MENTAL health issues have been severely stigmatised and misunderstood throughout history. One hundred years ago, during the First World War, 306 men and boys were shot at dawn for ‘cowardice’ while in fact suffering from mental illness.

Private Harry Farr was one of those men. He was shelled repeatedly as he fought in the trenches, going over the top many times. Eventually he collapsed with the shakes caused by severe damage to his ear drums, but after a brief stay in hospital he was sent back to the front line to fight in the Battle of the Somme.

In July 1915 he repeatedly asked for medical attention for his condition but was told to return to the front line. After struggling on for months he told a medic “I just can’t go on”. After deserting his post and a 20-minute court martial, he was executed by firing squad on 18th October 1916.

His wife Gertrude later recalled that the post office told her they “Don’t give pensions to the widows of cowards’. The stigma ran very deep across the country, and she was left destitute with two young children to feed and look after. Hundreds more suffered the same fate.

The Army simply did not at the time recognise that Harry was suffering from shell shock, a mental illness we now call posttraumatic stress disorder (PTSD).
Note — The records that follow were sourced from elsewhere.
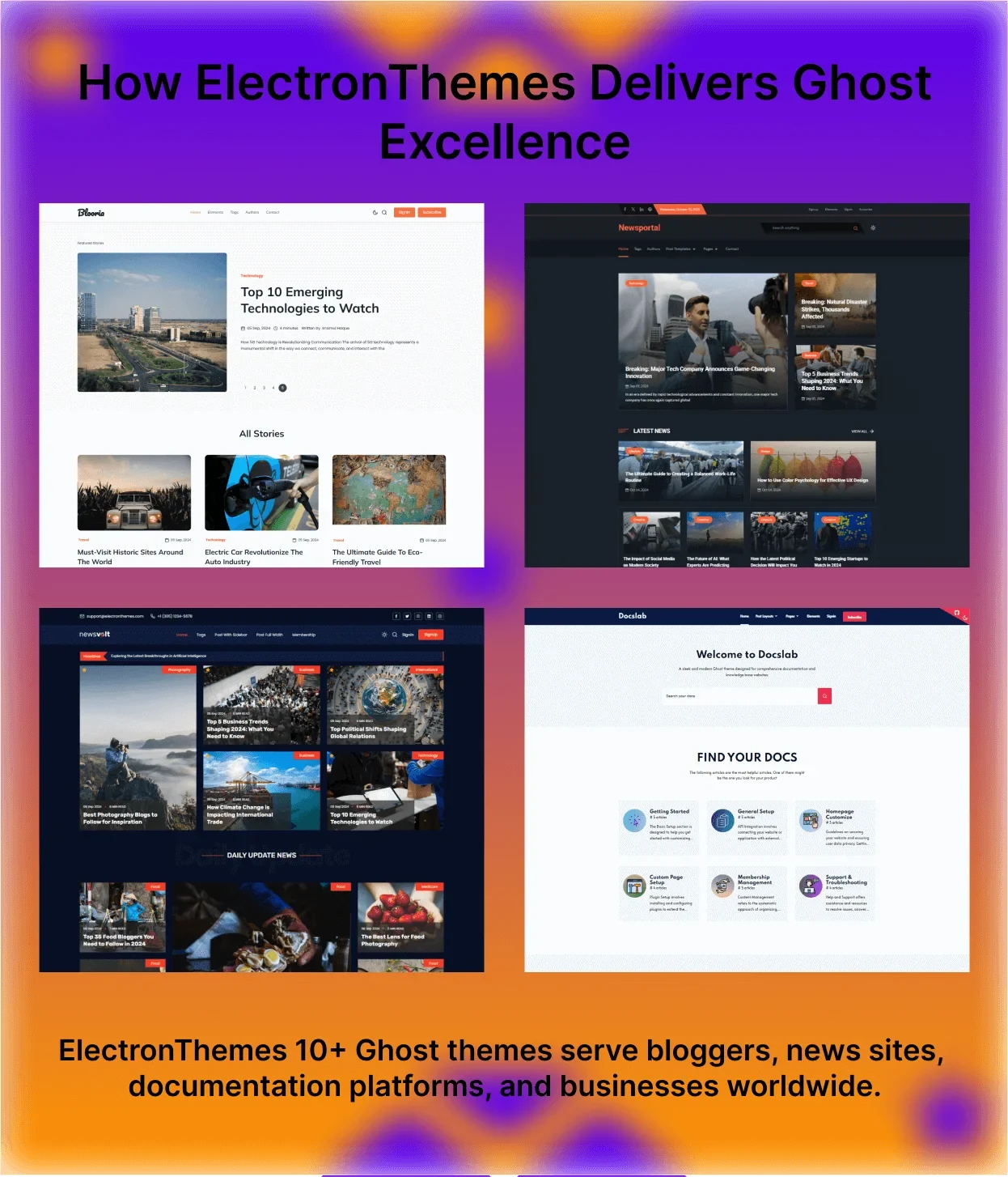 Our portfolio spans 10+ Ghost themes across all niches. NewsVolt dominates news websites beautifully. DocsLab revolutionized documentation on Ghost completely. Every theme solves real problems for creators. Check out our best Ghost blog themes showcase or explore 16 best Ghost themes for a blog.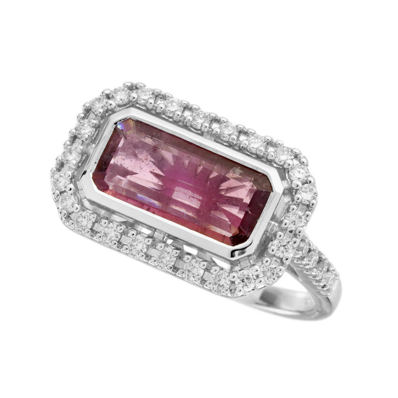 Pink Tourmaline & Diamond Ring in 14KT White Gold quantity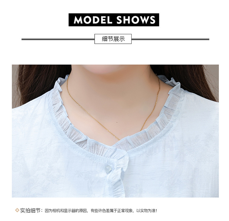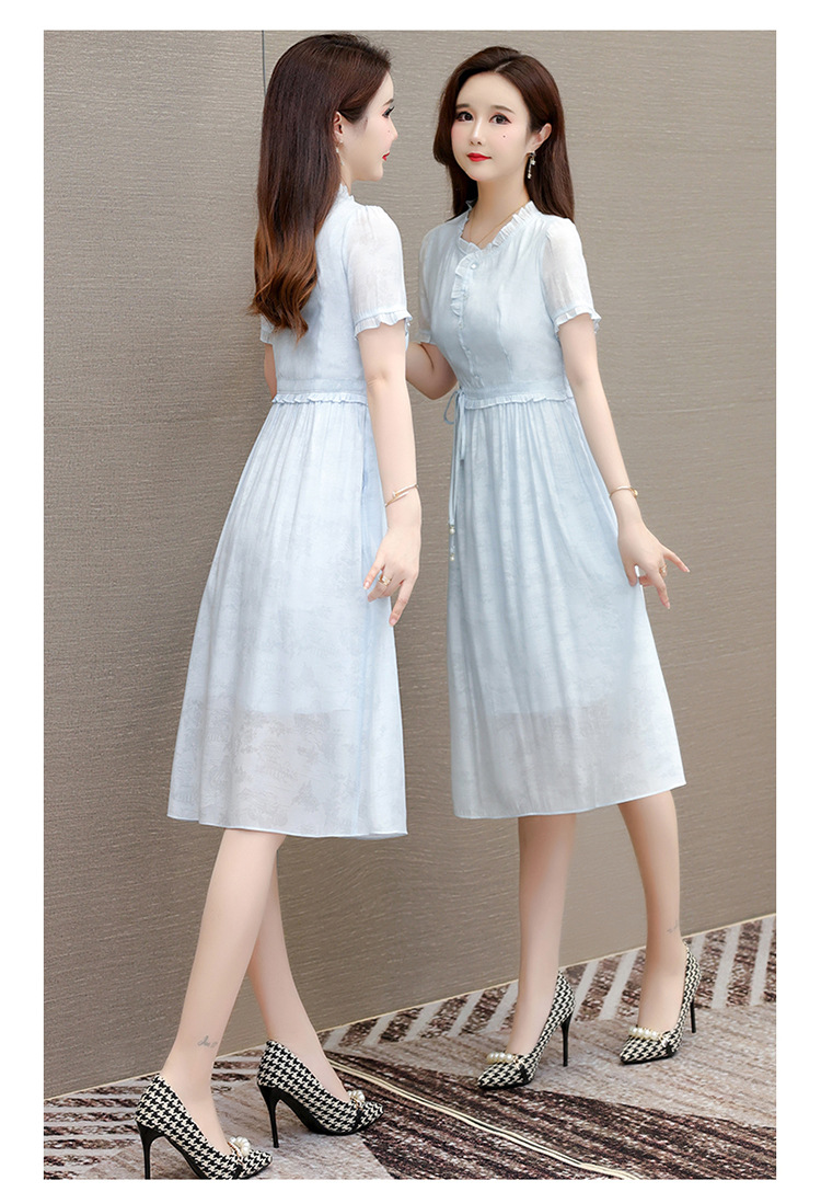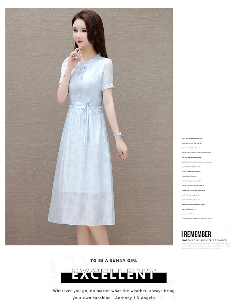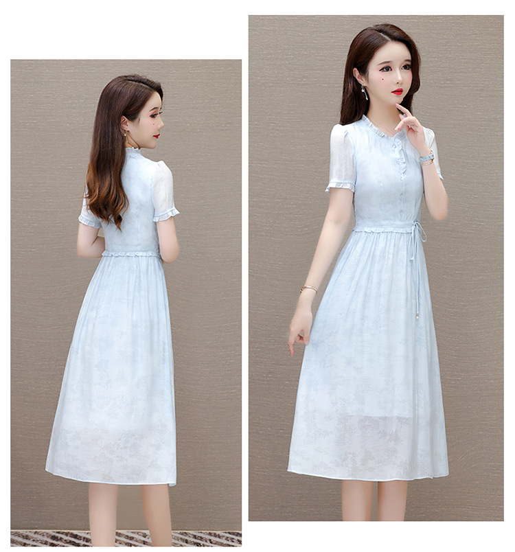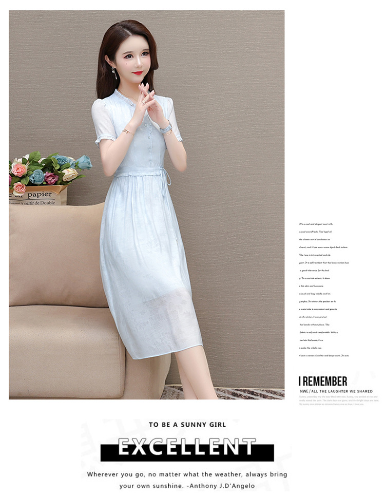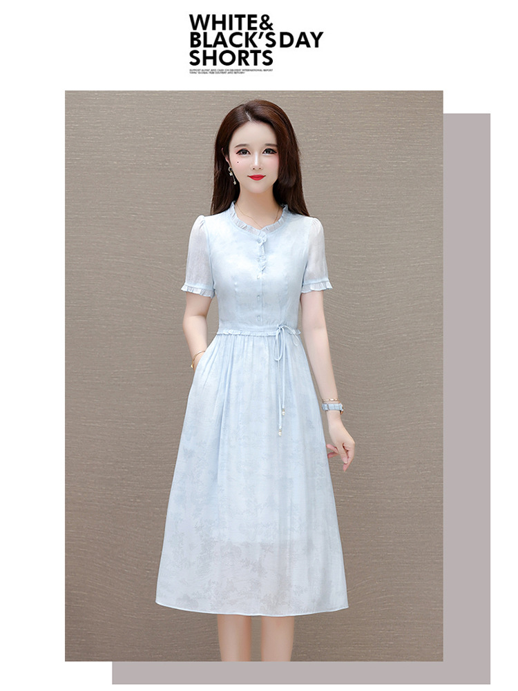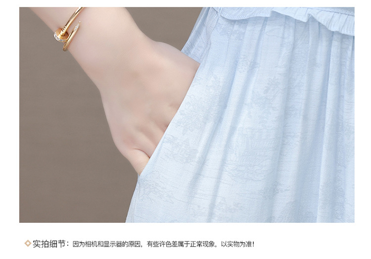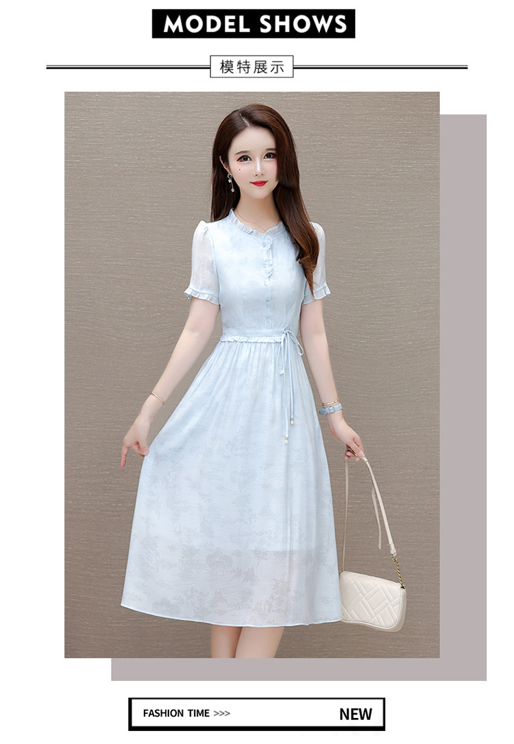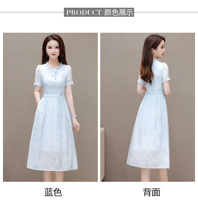 QYMLRX-SL28155-Y简约风连衣裙女2024年新款花边领气质优雅短袖高腰中长款印花裙 商品图4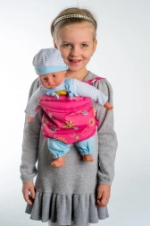 Een schattige stoffen draagzak voor kleine verzorgers waarmee kinderen hun favoriete poppen en knuffelberen comfortabel kunnen dragen. Dankzij het vakformaat van 29 × 20 cm en de verstelbare riemen past hij gemakkelijk aan het kinderlichaam en zorgt hij voor veilig en comfortabel dragen van het speelgoed, zowel thuis als tijdens een wandeling.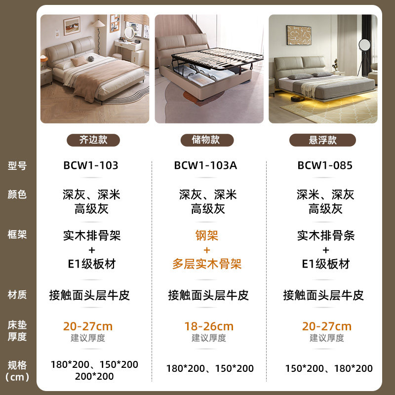慕思旗舰店真皮床主卧大床1米8双人床悬浮床卧室实木床储物床架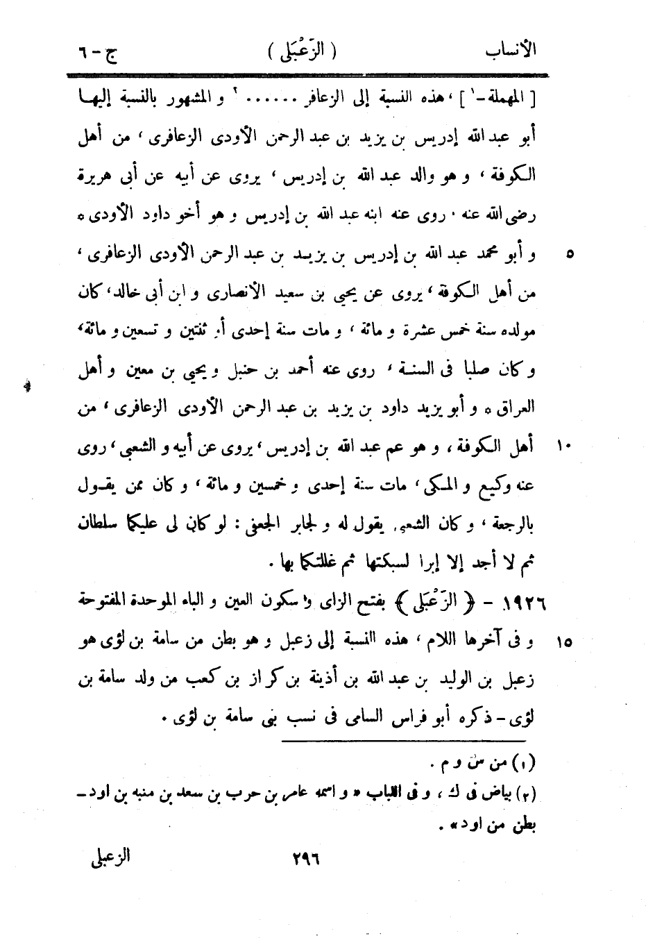 [المهملة-[1]] ، هذه النسبة إلى الزعافر...... [2] والمشهور بالنسبة إليها أبو عبد الله إدريس بن يزيد بن عبد الرحمن الأودي الزعافرى، من أهل الكوفة، وهو والد عبد الله بن إدريس، يروى عن أبيه عن أبى هريرة رضي الله عنه، روى عنه ابنه عبد الله بن إدريس وهو أخو داود الأودي وأبو محمد عبد الله بن إدريس بن يزيد بن عبد الرحمن الأودي الزعافرى، من أهل الكوفة، يروى عن يحيى بن سعيد الأنصاري وابن أبى خالد، كان مولده سنة خمس عشرة ومائة، ومات سنة إحدى أو ثنتين وتسعين ومائة، وكان صلبا في السنة، روى عنه أحمد بن حنبل ويحيى بن معين وأهل العراق وأبو يزيد داود بن يزيد بن عبد الرحمن الأودي الزعافرى، من أهل الكوفة، وهو عم عبد الله بن إدريس، يروى عن أبيه والشعبي، روى عنه وكيع والمكيّ، مات سنة إحدى وخمسين ومائة، وكان ممن يقول بالرجعة، وكان الشعبي يقول له ولجابر الجعفي: لو كان لي عليكما سلطان ثم لا أجد إلا إبرا لسبكتها ثم غللتكما بها.
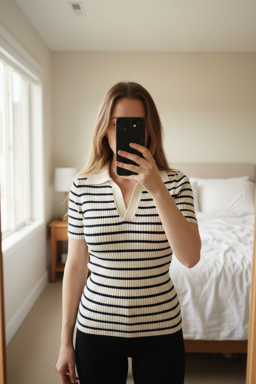 & Other Stories Paris Atelier Striped Polo Top Size XS Cream Navy Ribbed Knit Coastal standing straight facing the camera, in a softly lit bedroom setting, with gentle natural light filtering through a window.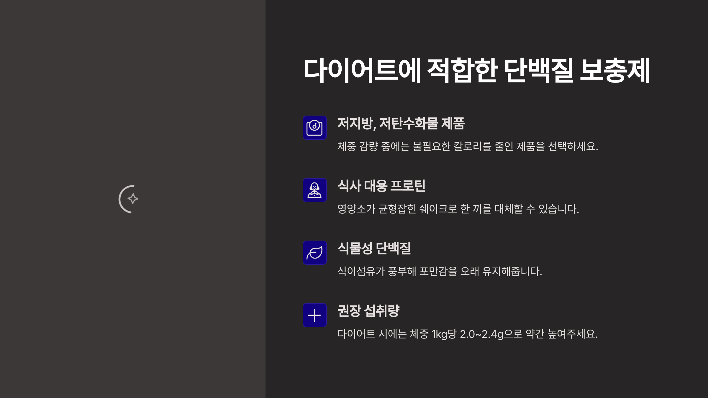 | 식물성 단백질 | 낮음 | 소화가 잘되고 포만감 유지 |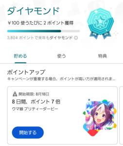 play pointのポイントはGoogle playを決済に挟むようにすると一部の電子書籍サービスなどでも溜まるので電子書籍を買えば買うほどウマ娘を効率よく課金できるという謎めいたことになる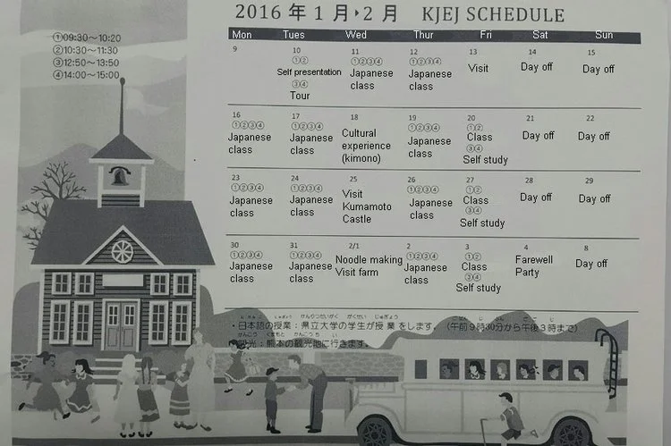 - Le participant aura des cours intensifs de Japonais le matin et des visites d'entreprises à Kumamoto ainsi que des sessions de briefing dans l’après midi.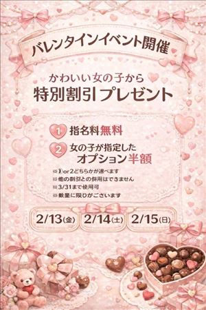 20:00~23:30?????????本日バレンタインイベント最終日ィー初日はチョコを持っていくの忘れたりチョコ持ったと思ったらタオル忘れたりてんやわんやでした??後半はタオルを持って準備完了したらスタッフさんが必ずチョコを持たせてくれるようになりまちた女の子みんな可愛いしスタッフさん優しいし働けて幸13またまたイベント中に遭遇?前回はサンタさん??今回こそはjk(?)で!!チョコ渡せて何よりだたよ急いで駆けつけてくれて差し入れまで!!ありがとう?推しだと言ってくれることがとてもとても嬉しい!!チケット使いに来てねん本日とお待ちしてます女の子ページへ http://365diary.net/WFBxZXpjL3R0L2hhbmRfY2FtcHVzLzYzMzY4MzI4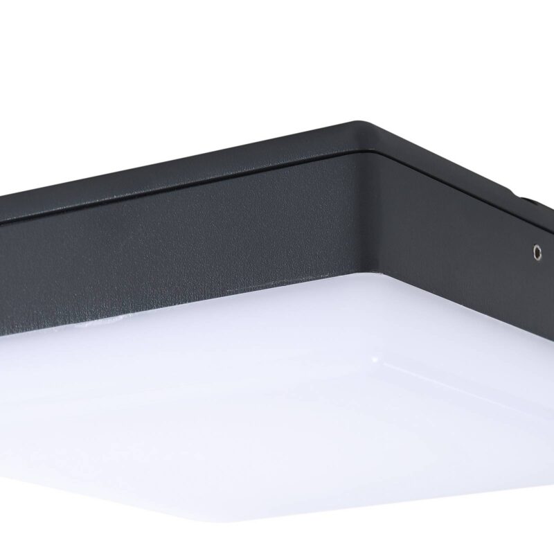 Sivé stropné svietidlo Thilo LED s detektorom pohybu Sivé stropné svietidlo Thilo LED prináša koncept osvetlenia vonkajších priestorov do praktickej podoby. Prehľadný dizajn je skombinovaný s inteligentným a flexibilným senzorovým systémom, ktorý sa optimálne prispôsobuje príslušným podmienkam. LED žiarovky vo veľkom difúzore z robustného polykarbonátu, ktorý je umiestnený v rovnako robustnom hliníkovom kryte odliatom pod tlakom, poskytujú dostatok svetla. Svietidlo možno namontovať na steny a stropy a je tiež ovládané detektorom pohybu. Časové a ďalšie nastavenia možno upraviť podľa potreby. Údaje o detektore pohybu: – Nastaviteľné trvanie svetla od 5 sekúnd do 30 minút – Uhol detekcie 150° pri montáži na stenu, 360° pri montáži na strop – Dosah 12 m x 6 m – Možno použiť na stenu aj strop – Možnosť priechodného zapojenia – Vysoká odolnosť proti nárazu IK08

It can cause severe symptoms from insomnia to depression, severe anxiety, and difficulty thinking.

90 years after being called a coward and shot, Harry Farr and the other men and boys executed for desertion during the First World War were pardoned by the government. After nearly a century, the state had finally recognised to remove the stigma that mental illness had brought on these brave men and boys who fought hard for our country until they could no more.

The lesson we can learn from this story is how seriously we should take mental health issues. A century ago it was all too easy for military officers to think of those ill with shell shock as cowards.

Equally today, it is easy to fall into the trap of stigmatising those with mental illness. A person with depression is not lazy and unwilling to help themselves. They have a medical condition which needs treatment, understanding and support as much as any physical condition.